** Data to examine follows **

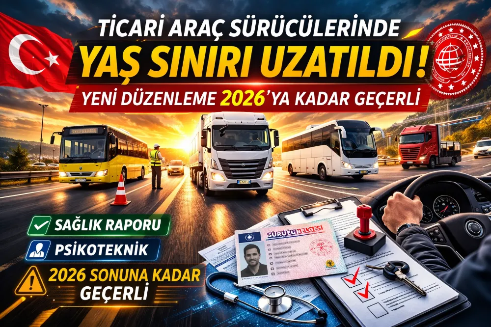 Yeni karar doğrultusunda ticari taşımacılık yapan sürücüler için uygulanan yaş sınırı düzenlemesinin 2026 yılının sonuna kadar geçerli olacağı ifade edildi. Bu süre boyunca gerekli şartları sağlayan sürücüler ticari araç kullanmayı sürdürebilecek.
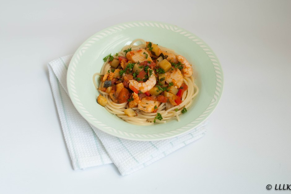 Laatst waren we de vriezer eens aan het uitzoeken. Vaak kom je dan dingen tegen waarvan je bijna vergeten was dat je ze had. Zo kwamen we langs een aantal zakken bevroren vis en garnalen. Los van elkaar was het net te weinig om er wat leuks mee te kunnen doen. Dus was het het makkelijkste om ze te combineren. Samen met wat groente en een tomatensaus creëerde ik er deze eenvoudige pasta van. Lees verder “Spaghetti met vis en garnalen”
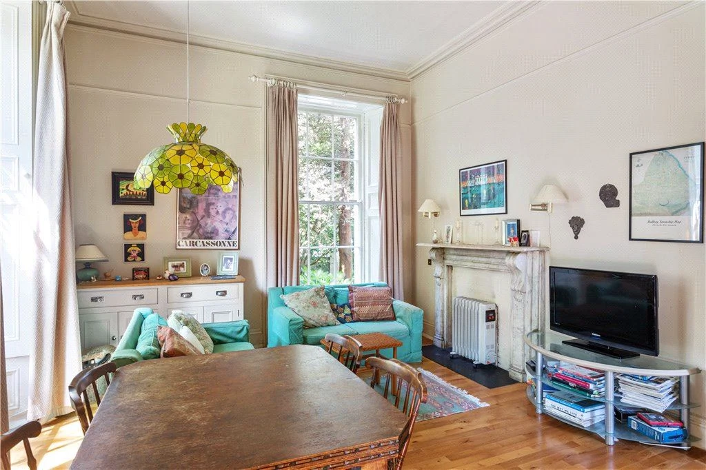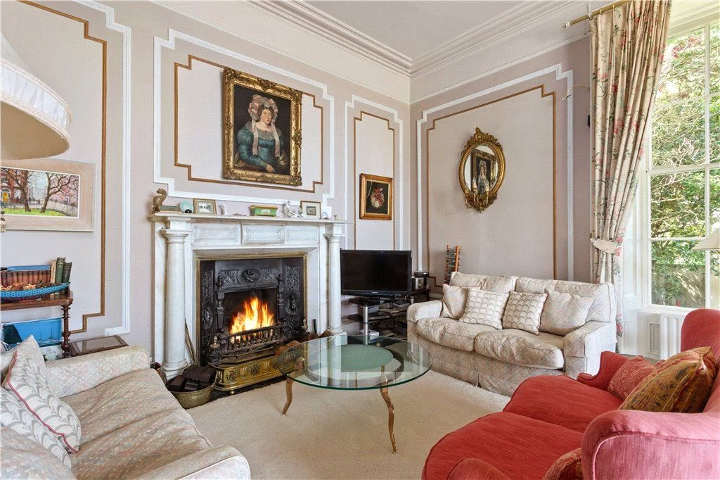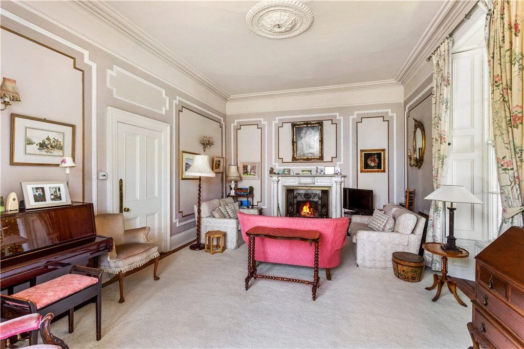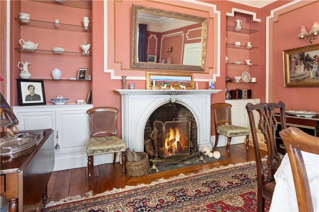 The drawing room on the other side of the hallway has wall panelling, a picture rail, and an early Victorian marble fireplace with ornate cast iron decorative details.
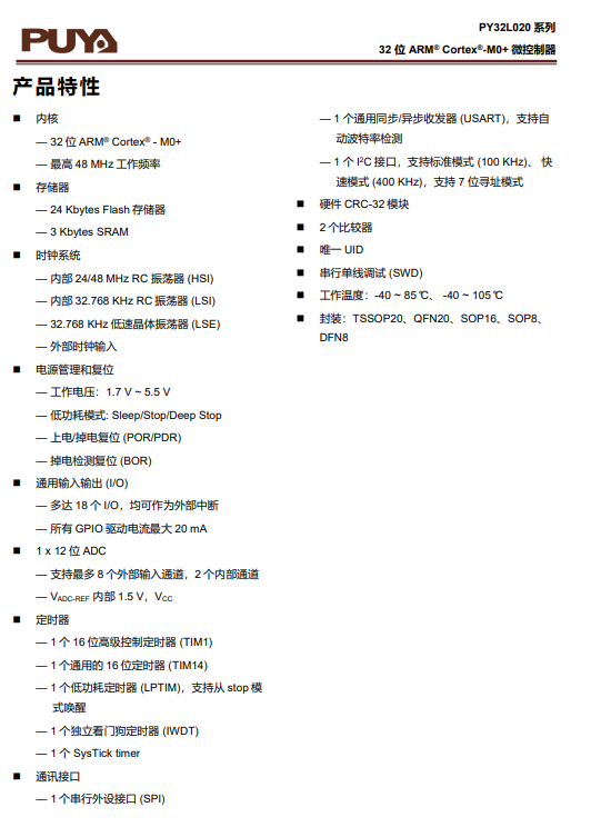 芯片提供 sleep/stop/Deep Stop 低功耗工作模式,可以满足不同的低功耗应用。PY32L020 系列微控制器适用于多种应用场景,例如控制器、手持设备、PC 外设、游戏和 GPS 平台、工业应用等。
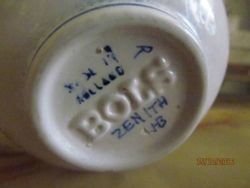 On the Underside is ----- DELFT (which is faded completely but determined through Google), "R", "HOLLAND" , "ZENITH HB" and in Raised Letters as PART of the Porcelain is ---- "BOLS"
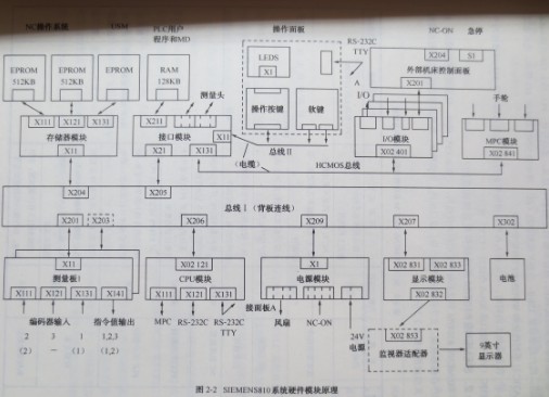 ?SIEMENS 810T/M系統(tǒng)的硬件結(jié)構(gòu)緊湊,整體體積僅相當于放一臺14英寸電視機。圖2-1為系統(tǒng)背面示意圖,主要部件原理框圖如圖2-2所示。
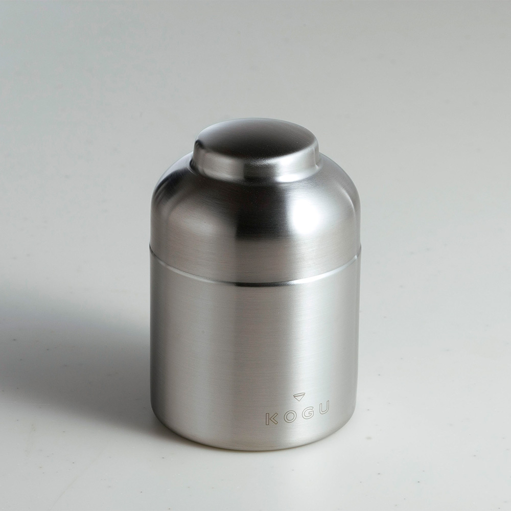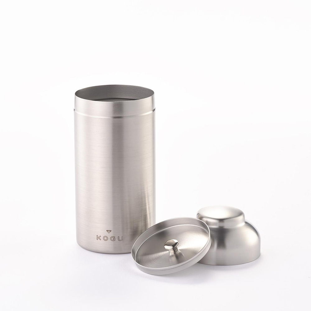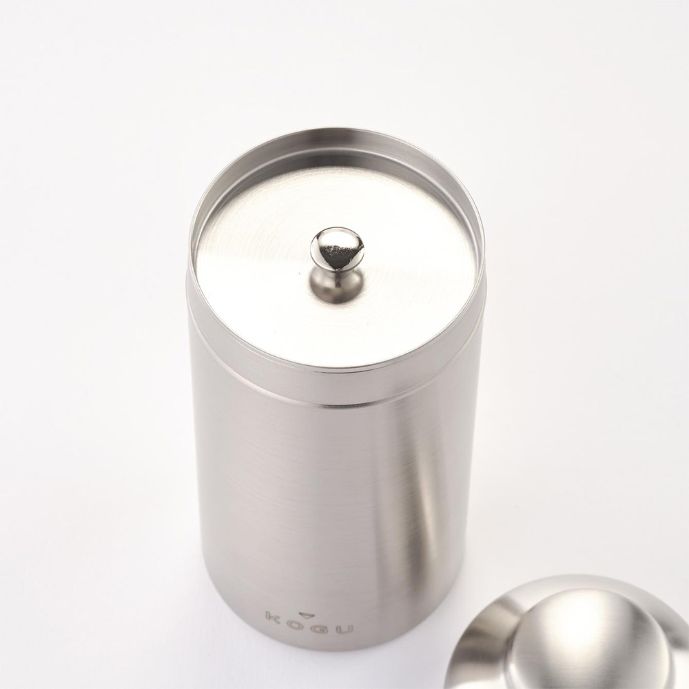 コーヒー豆は炒った後から劣化が始まります。珈琲考具のキャニスターは、光や空気からコーヒー豆を守り、風味を長持ちさせるために設計されています。茶筒の構造を採用し、内と外の2重フタでしっかりと密閉。大切な豆の鮮度と香りを保ちながら保管することができます。燕三条の精巧な技術が生み出した、スッと心地よく閉まるフタの使い心地をぜひ体験してください。
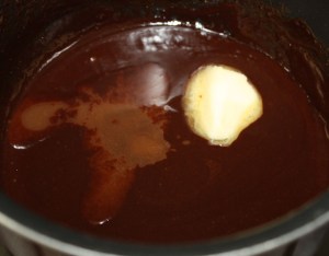 Poner el coñac y la mantequilla. Mezclar bien hasta conseguir una mezcla homogénea.
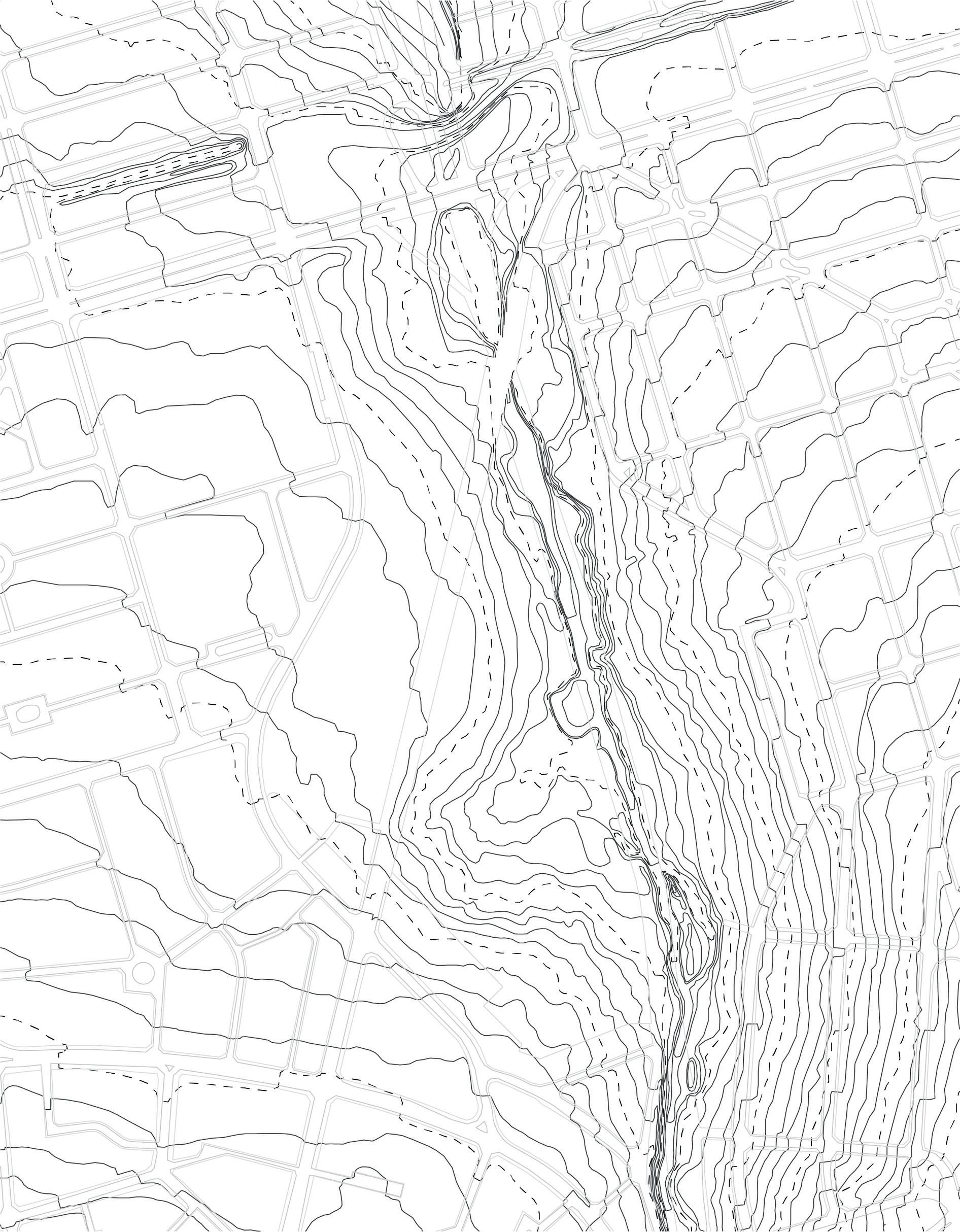 O Parque Botafogo apresenta uma topografia marcada pelo vale suavemente encaixado do córrego Botafogo, configurando um perfil longitudinal contínuo que acompanha o curso d’água. As encostas exibem declividades moderadas, variando entre 2% e 5%, enquanto o fundo do vale mantém-se predominantemente plano, favorecendo a formação de áreas úmidas e trechos de várzea. A variação altimétrica entre aproximadamente 720m e 760m evidencia pequenas ondulações naturais do terreno, típicas de fundos de vale urbanos. Essa conformação topográfica não apenas influencia a percepção visual e a dinâmica de uso do parque, como também oferece condições favoráveis à implantação de estratégias de drenagem urbana sustentável. A estrutura do relevo permite aproveitar o escoamento por gravidade, facilitando a condução, infiltração e retenção das águas pluviais por meio de sistemas como bacias de detenção, valas verdes, wetlands construídos e jardins de chuva ao longo do eixo do córrego.
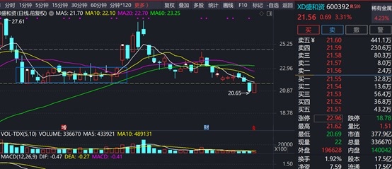 盛和资源昨日跌破颈线位置,今日早盘出现反弹,午盘收盘又接近了颈线位置,下午重点观
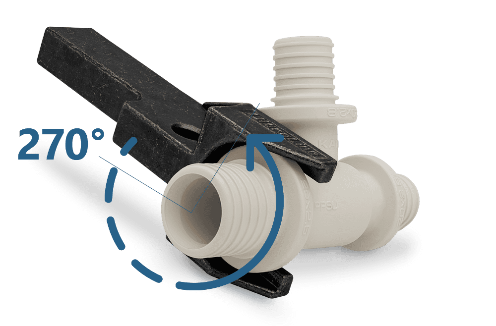 从最起初,ultraLINE的管件就是考虑到这些情况而设计生产的。 即使在很难触及的区域,也可以让管件的套口在卡钳的作用下达到270°的旋转,这使得管道连接极度简便且舒适。
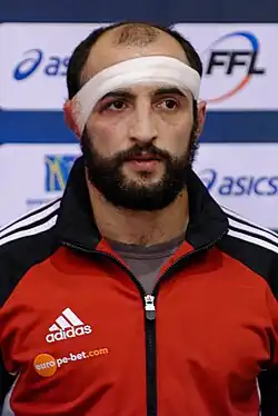 Revaz Lashkhi (Georgian: რევაზ ლაშხი; born 26 May 1988 in Borjomi, Georgia) is a Georgian Greco-Roman wrestler, who competed at the 2012 Summer Olympics[1] and won a silver medal in the men's Greco-Roman 60 kg category. He beat Sayed Abdelmoneim, then Zaur Kuramagomedov in the quarterfinal and Həsən Əliyev in the semi-final before losing to Omid Norouzi in the final.[2]
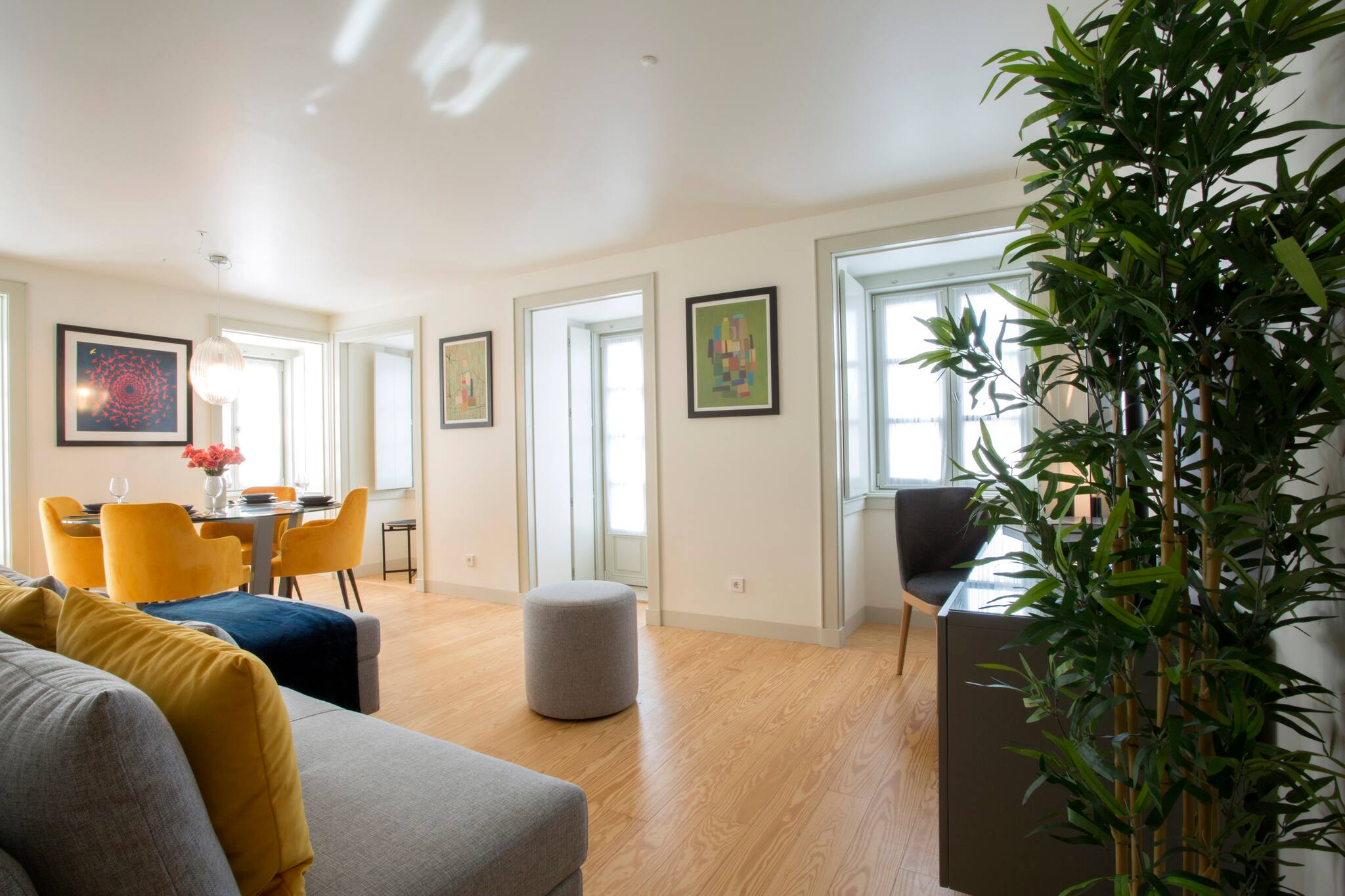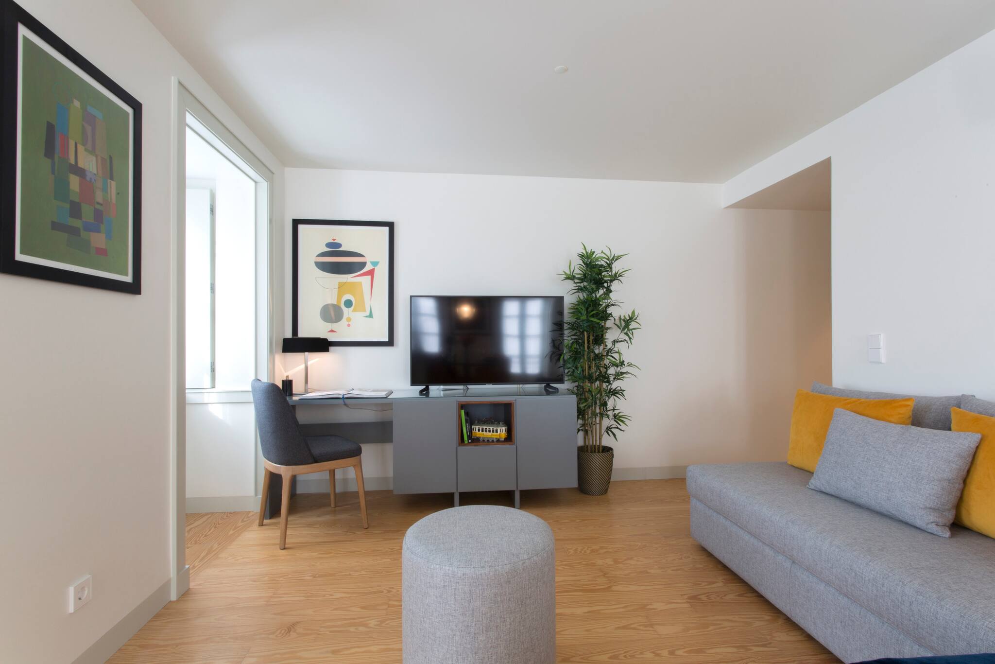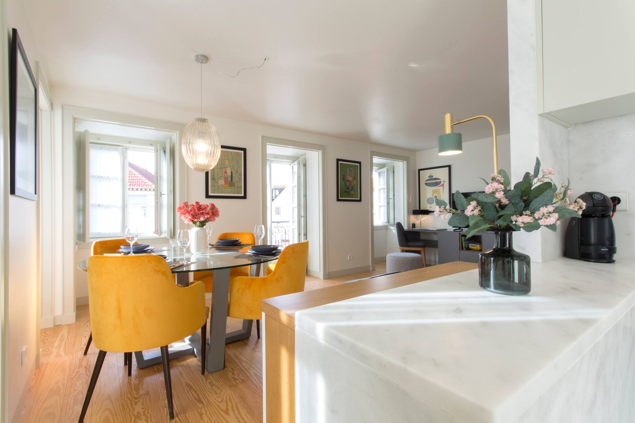 O apartamento conta com dois quartos confortáveis, oferecendo flexibilidade de acomodação: um quarto com cama de casal e outro com duas camas individuais. A luminosidade e o design moderno criam um ambiente acolhedor e relaxante, perfeito para descansar após um dia explorando a vibrante cidade de Lisboa.

** End of Data to examine **

— Goal of the exercise —
Set down word for word the lines from the first entry through the line with "The drawing room", both included, omitting pictures.

— Solution for this problem —
 Yeni karar doğrultusunda ticari taşımacılık yapan sürücüler için uygulanan yaş sınırı düzenlemesinin 2026 yılının sonuna kadar geçerli olacağı ifade edildi. Bu süre boyunca gerekli şartları sağlayan sürücüler ticari araç kullanmayı sürdürebilecek.
 Laatst waren we de vriezer eens aan het uitzoeken. Vaak kom je dan dingen tegen waarvan je bijna vergeten was dat je ze had. Zo kwamen we langs een aantal zakken bevroren vis en garnalen. Los van elkaar was het net te weinig om er wat leuks mee te kunnen doen. Dus was het het makkelijkste om ze te combineren. Samen met wat groente en een tomatensaus creëerde ik er deze eenvoudige pasta van. Lees verder “Spaghetti met vis en garnalen”
 The drawing room on the other side of the hallway has wall panelling, a picture rail, and an early Victorian marble fireplace with ornate cast iron decorative details.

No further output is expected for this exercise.